C’était leur seul lien vers l’homme de main de Saddam, presque aussi dangereux que son maître…

 

  Les rapports arrivant tous les jours sur le bureau du général Boll, chef suprême du service Action Muscles dont Crash dépendait le disaient : il se tramait quelque chose pour libérer le dictateur, qui croupissait depuis longtemps dans un cachot de l’école J.J.O.. Une succession d’attentats, ou une attaque du Pentagone, personne ne pouvait exactement le dire encore… Mais, selon les témoignages qui se multipliaient de par le monde, tout allait se déclencher dans un délai très court. Et quand on savait de quoi était capable le sinistre despote, même enfermé dans une geôle, on préférait vérifier !

De dépit, il donna un coup de pied dans une boîte de conserve Daucy qui traînait, laissée là par un touriste sans scrupules.
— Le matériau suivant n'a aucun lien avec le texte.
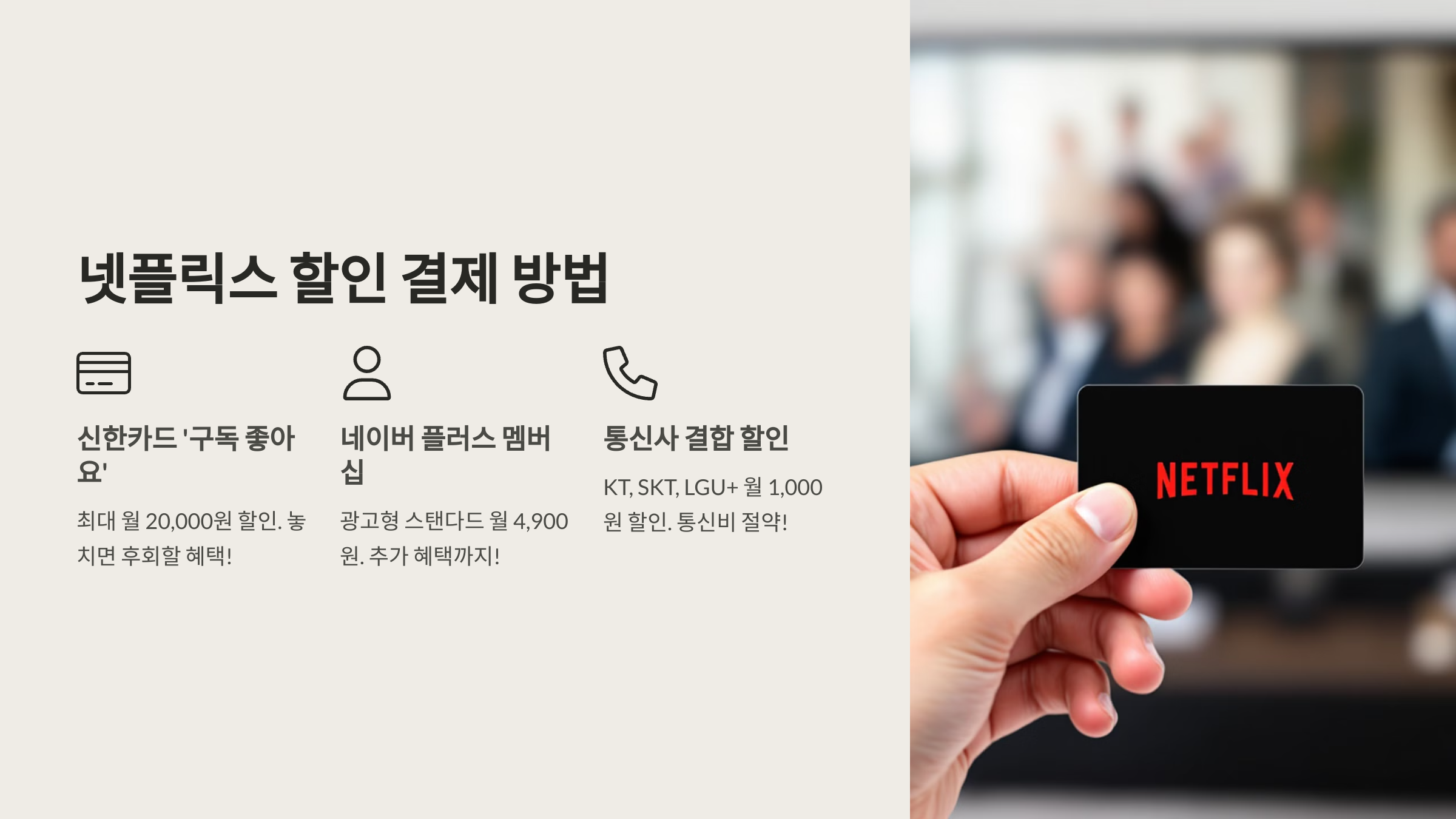 넷플릭스를 정가보다 싸게 결제할 수 있는 방법이 많아요! 할인 카드를 활용하거나 해외 결제를 이용하면 최대 50%까지 저렴하게 구독할 수 있어요. 💰

Aussitôt, il y eut une explosion assourdissante ! Une colonne de fumée grise jaillit, qu'on pouvait voir jusque de l'autre côté de la ville !

 

*  *

*



(1) Nous parlons ici de la frustration de Crash, et non pas du jeu d’échecs, sinon nous aurions ajouté un S et la phrase n’aurait plus été accordée. D’ailleurs, quand nous parlons de phrase accordée, nous traitons de grammaire et non de violons, pas plus que de cornemuses ni de turlusiphons à piston ténor !

(1) Nous avons la flemme d’aller vérifier le cours du kyat, la monnaie birmane. Mais, à la louche à caviar, ça doit donner approximativement ça.

(1) Laisse-moi tout seul avec ce type dans le chambre, en vaudois.